Lucid Group (LCID) extended losses for the seventh consecutive trading session, closing Monday, November 17, 9.08% lower at $12.91.
The Newark, CA-based automobile manufacturer has been on a losing streak on the back of a combination of disappointing Q3 results, management changes, senior note offering, and investment bank Stifel’s cautious note.
Impacted by tariffs and higher input costs, Lucid (LCID) fell further into the red in the third quarter and trimmed its 2025 production guidance to 18,000 vehicles from a prior range of 18,000 to 20,000.
Stifel held onto its Hold rating amid expectations for additional capital to be required over the next few years, and lack of current visibility on its Gravity sales and midsize rollout.
Shares have pulled back by 22.78% over the course of the last six trading days.
A significant fall was logged on Thursday, November 13. LCID retreated 8.56% to close the day at 15.17. A day before, Lucid had announced the pricing of a $875M offering of 7.00% convertible senior notes due 2031 in a private sale to institutional investors.
The downward movement continued with the stock closing Friday, November 14, 6.39% lower at $14.20.
The stock is down ~58% year-to-date, and is trading ~27% below its 20-day simple moving average.

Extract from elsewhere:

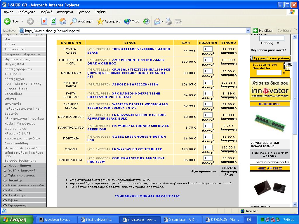 Antonis211 Δημοσ. 10 Ιουνίου 2009 Δημοσ. 10 Ιουνίου 2009 Βάψιμο μπλέ και πέταμα στο λιμάνι όπως έγραψα και σε ένα άλλο thread πριν λίγοΝα μην το παραγγείλει... Ή να περιμένει τους ι5 ή να πάει σε ΑΜD/AM3 Σοβαρά τώρα από που να αρχίσεις και που να τελειώσεις σε αυτή τη σύνθεση...Ψάξτε το λίγο.. Άκυρο socket,άκυρος σκληρός,άκυρη οθόνη overkill τροφοδοτικό..και τα υπόλοιπα δεν τα πολυψάχνω για να σου πω..Αυτά τα 4 κάνουν μπαμ μόνο Σκληρό αν θέλετε Seagate πάρτε τον 7200.12,o .11 βγήκε ελλατωματικός αλλιώς WD AAKS..οθόνη διαλλέξτε μία με DVI(με υποστήριξη HDCP κατα προτίμηση) Πες μας τι ακριβώς θέλει να κάνει με το pc,πόσα λεφτά διαθέτει και αν υπάρχουν συγκεκριμένες προτιμήσεις σε μάρκες να σου προτείνουμε κάτι. διαθετει 830 ευρω για κουτι,οθονη 22ιντσες(οχι Hd),πληκτρολογιο,ποντικη και ειναι για παιχνιδια.Επιπλεον να ειναι απο e-shop γιατι εχει συναρμολογηση και επειδη πλαισιο δεν υπαρχει στην πολη μας επισης ειμαι ο sada για να μην μπερδευτειτε

Short interest as a percentage of float was at a high rate of 30.64% as of October 31.
The Wall Street community sees the stock as a Hold on average. However, Seeking Alpha authors grade the stock as Sell, while the Quant Rating system sees LCID as Strong Sell.
“Lucid shares continue to trade at a premium to most other names in the EV space, despite their dramatic fall in recent years,” noted SA contributor Bill Maurer.
“The outstanding share count has nearly doubled in four years, and the loss of tax credits in the US won’t help the next generation platform when it launches next year. It would not surprise me to see this stock hit a new low moving forward,” said Maurer.
Saudi Arabia’s Public Investment Fund slightly reduced its stake in the electric-vehicle maker during the third quarter, but one of its top U.S. positions remain LCID.
SA contributor Julia Ostian sees the Saudi support as good news, but also highlights cash burn as the biggest risk.
“Even with Saudi support, if Lucid keeps spending like this, there will come a time when the PIF won’t want to keep funding it. No investor, even a sovereign and a very rich one, will continue funding endless losses forever,” said Ostian.